Kouta, for instance, is marked by the loss of his father. Nozomi Satonaka (-), the new school nurse, also struggles with loss – she has not met her daughter since her divorce. Majima, for that matter, must deal with his violent and exploitative father. Tendo remains haunted by the shadow of a dead girl he still loves. Ryuji struggles with his own position as subject, a struggle marked by envy of his other friends. And Daibutsu must deal with the insisting violent remarks on his ever-smiling presence by his new mother – he is, as the remarks underline, not loved by his stepmother.
Rin is, like already mentioned above, a story about friendship. It is therefore not unsurprising that is shows how the inclusion of a new element, i.e. the old-school Tendo, causes the relation structure between our other friends to transform and sort effects at the subjective level, e.g. for Daibutsu. Ikeda’s narrative furthermore illustrates the well-known fact that the vehicle of relational change are acts and words (e.g. Do your best and live more honestly), in their function as signifiers.

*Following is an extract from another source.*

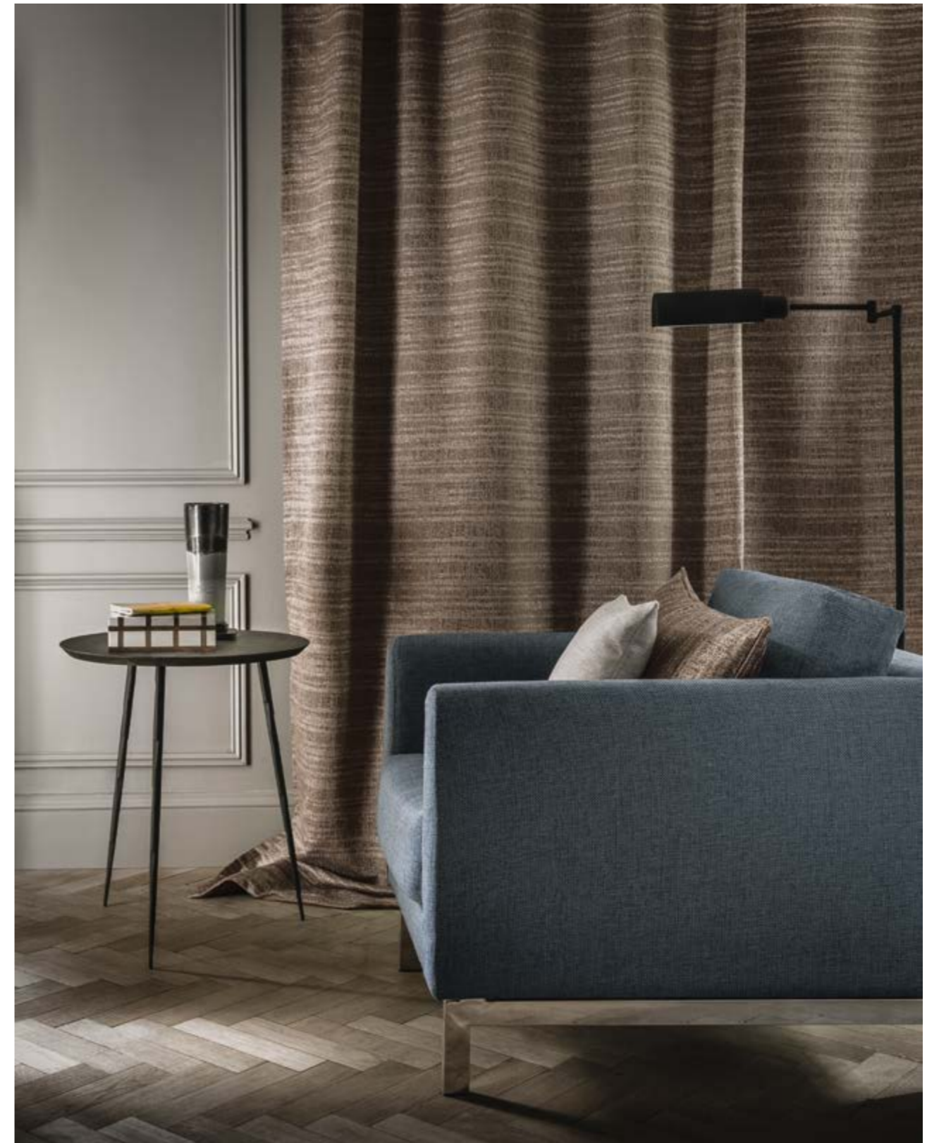
COLLECTION TRIODE Rideau / Curtain : CHOJI 3573 04 27

Eventually the mystery of the disappearances puts any kind of bonding between the other friends on hold. The disappearance, rather than urging the friends to ‘work together’, threatens to disintegrate the friendship between our friends and destroy the newly established friendship with Tendo. It is in relation to this that Rin explores and underlines the importance of trust and honesty.
Sadly, there is something that does not work in Ikeda’s narrative. In our view, in its attempt to please as broad audience as possible, Ikeda ends up delivering an experience that is simply too forgettable. It wants to deliver lighthearted comedy, sensible drama, and engaging mystery all at once but ends up with a cinematic experience that is unable to give all three genre-sides the necessary power to engage the spectator. Rin simply falls short.
The composition of Rin – a mix between fixed shots and dynamic shots (e.g. drone shots, fluid spatially moving shots, beautiful tracking shots) – has a pleasant rhythm and is effective in generating, whenever it is needed, a sense of mystery. Yet, some cinematographical decorations (e.g. slow-motion and some flash-backs), while utilized in an effective way, are too tv-like – fit for a tv-movie or drama but less so for a cinematic production. The same can be said for some choices made at the musical and sound level (e.g. The use of thunder). Some of these choices are, in truth, unnecessary and can even be said to reveal a certain immaturity of the director.
Ikeda also makes use of a narrating voice. This voice, the voice of Kouta, guides us mainly through the initial stages of the narrative, be it by introducing the characters or by punctuating some beats of the narrative. The narrating voice is, in other words, utilized to contextualize what is introduced of the narrative in the visual composition.
The relational lightheartedness, while is mainly function of the performances, is further underlined via the musical accompaniment. Emotional moments are, in contrast, more dictated by the musical accompaniment than the emotional power of the performances. And the sense of mystery that, at times, marks the narrative is also called forth by using musical decoration – i.e. accentuating certain statements with mysterious sounds and eerie but simple musical pieces. The two latter elements, in fact, shows that Ikeda relies too much on music in his narrative. Such over-reliance reveals that neither the performances nor the narrative structure is unable to support and breathe life into the genre-shifts.
Rin is an enjoyable but deeply flawed narrative. Ikeda, who still struggles to purge the small screen aesthetics from his composition, is, in short, unable to make this genre-bending narrative about friendship into a powerful experience. He delivers a rather forgettable narrative.